Lafayette Carthon Jr. is a pianist, a pastor and a man on a mission to help educate young artists on the mean streets of entertainment. Pastor Laf, as he likes to be called, has a storied music career that started at the Cleveland School of the Arts.
In 1988, after graduation, he began performing jazz at the Boarding House, a club that was in the University Circle neighborhood, but after a call from the gospel group the Winans, he packed up his instruments and took off. "I dropped out of Oberlin College to travel with the Winans," said Carthon in a phone interview. "But that led to collaborations with Celine Dion and Michael Jackson."
Audiences can hear Carthon's musical repertoire for free at 4 p.m. July 21 at East Cleveland Public Library's Voices of Gospel at the Greg L. Reese Performing Arts Center, 14101 Euclid Ave., East Cleveland. Other performances will include Lucretia Bolden and Zion Five. It was when he played on Michael Jackson's "You Are Not Alone" that he began an association with R. Kelly, that album's co-producer. He admits he has loads of tales to spill about the scandalous performer, but prefers to talk only about how he helped him turn things around back in the 1990s.
Carthon reflects on one particular discussion when Kelly asked him how he's able to remain monogamous with all the women hanging around the recording studio.
"I told him it's all God," he said. "I know God can do that. It's a commitment you make to something higher than you. After that talk with him, I witnessed a change in him. Women stopped hanging around the studio. And it was around the time he married his former wife. This transformation all happened in the 1990s. It was also when he recorded 'I Believe I Can Fly.'"
According to Carthon, his journey as a pastor began after that.
"I felt the call. God told me it's time. I moved to Michigan and became a co-pastor at a church," he said.
Having come from the Glenville community -- and having participated in helping so many artists' careers, Carthon felt the need to share those experiences with young, up-and-coming artists. And to stress that a spiritual foundation is paramount when taking the show biz path. It's about raising awareness, he said.

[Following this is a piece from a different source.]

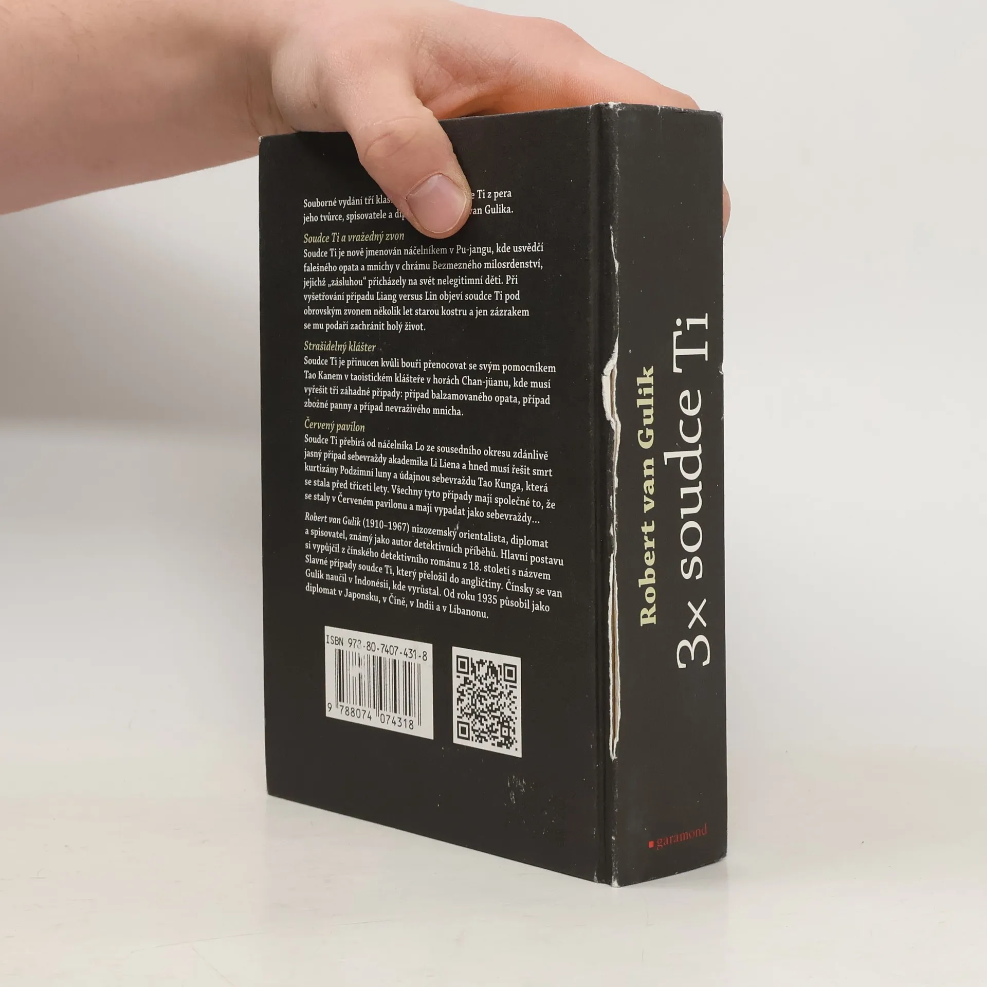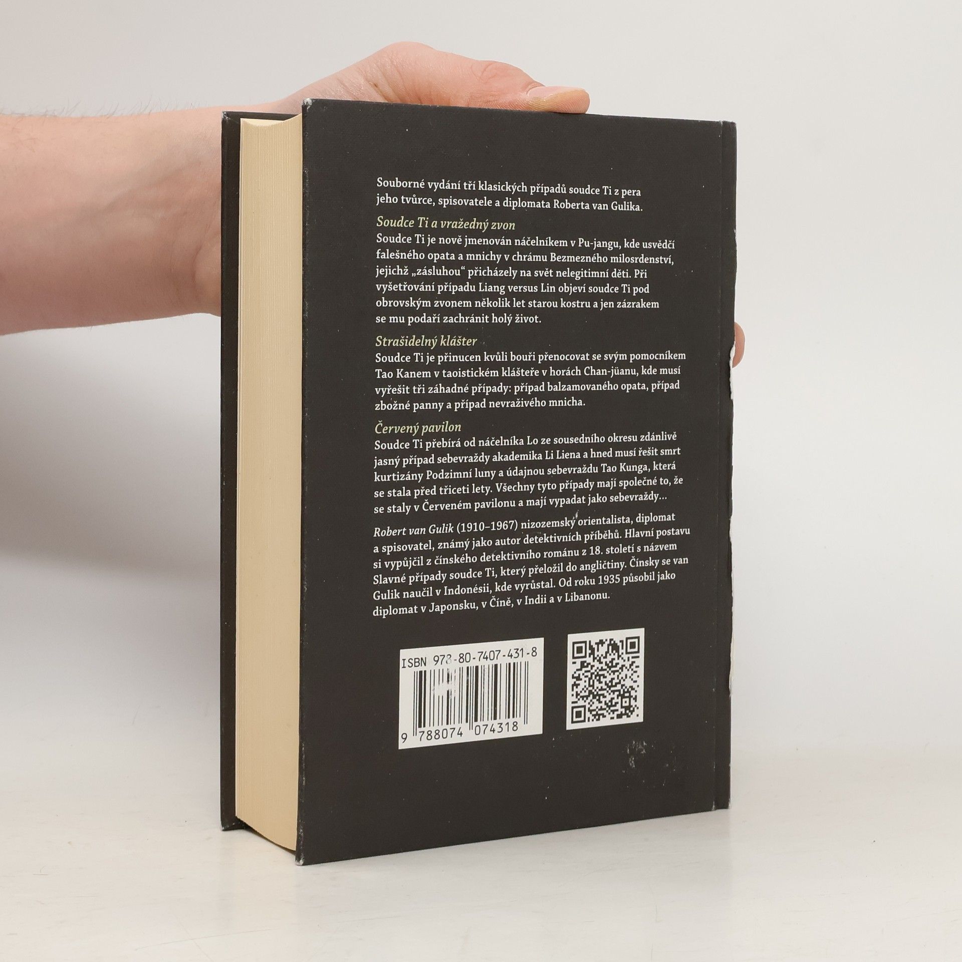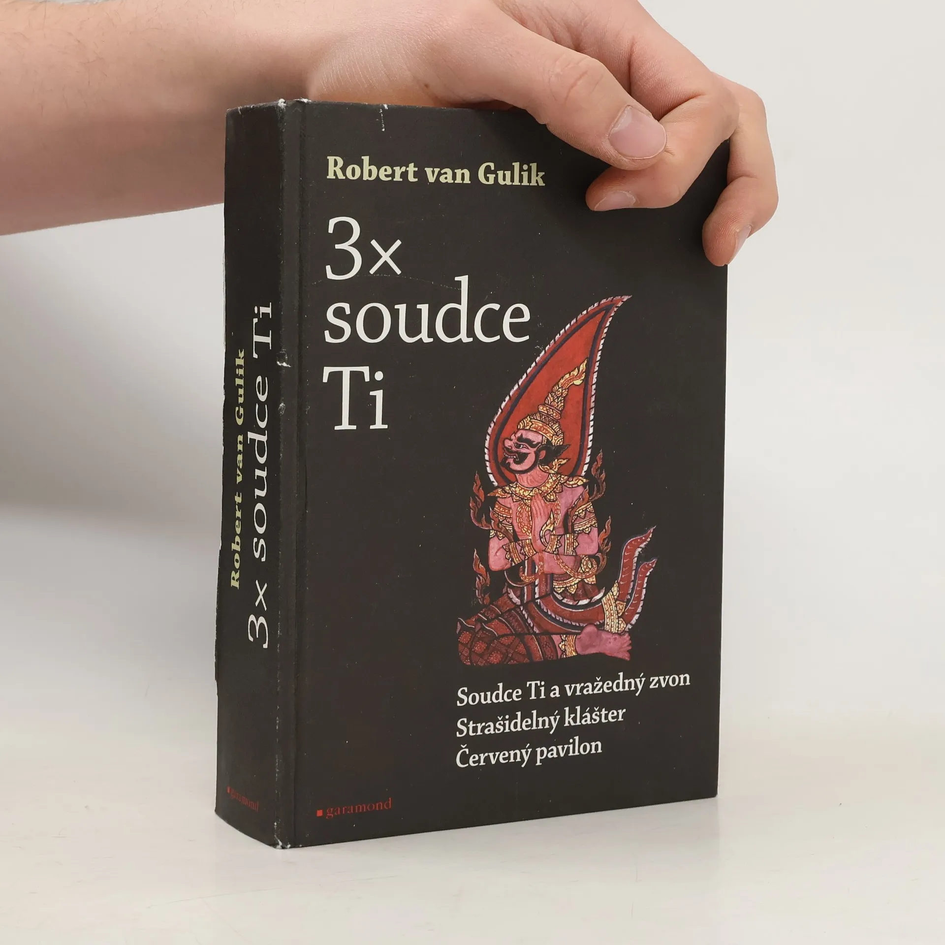Souborné vydání tří klasických případů soudce Ti z pera jeho tvůrce, holandského spisovatele a diplomata Roberta van Gulika. 1. SOUDCE TI A VRAŽEDNÝ ZVON 2. STRAŠIDELNÝ KLÁŠTER 3. ČERVENÝ PAVILON Soudce Ti a vražedný zvon: Soudce Ti je nově jmenován náčelníkem v Pu-jangu, kde usvědčí falešného opata a mnichy v chrámu Bezmezného milosrdenství, jejichž „zásluhou“ přicházely na svět nelegitimní děti. Při vyšetřování případu Liang versus Lin objeví soudce Ti pod obrovským zvonem několik let starou kostru a jen zázrakem se mu podaří zachránit holý život. Strašidelný klášter: Soudce Ti je přinucen kvůli bouři přenocovat se svým pomocníkem Tao Kanem v taoistickém klášteře v horách Chan-jüanu, kde musí vyřešit tři záhadné případy: případ balzamovaného opata, případ zbožné panny a případ nevraživého mnicha. Červený pavilon: Soudce Ti přebírá od náčelníka Lo ze sousedního okresu zdánlivě jasný případ sebevraždy akademika Li Liena a hned musí řešit smrt kurtizány Podzimní luny a údajnou sebevraždu Tao Kunga, která se stala před třiceti lety. Všechny tyto případy mají společné to, že se staly v Červeném pavilonu a mají vypadat jako sebevraždy…

By that time, he had gone back to school at Kent State and received his bachelor's and master's degrees. He felt his message would fall on deaf ears if he hadn't practiced what he was now preaching.
The message of education and spiritual growth is hammered into those who come through Carthon Conservatory at Faith Church of Glenville at 11012 Woodland Ave. in Cleveland, where he is pastor.
"On Mondays we do a big jam session with musicians from all over the state," he said. "We play sometimes until 4 a.m. It's called Faith Night on Mondays.
The conservatory is open to youths 5 years old and up, as well as adults.
Because Carthon is a pastor, you would assume the music played at the conservatory would be Christian-based, right?
"I have a book called the 'Musicians Handbook.' In the book I speak about my music philosophy," he said.
"There are only three things I can do with music, I can worship with it, entertain with it or teach it. Music worship means performing my best for God. Music entertainment means performing my best for people. Teaching is teaching others to do both of the above well and with integrity."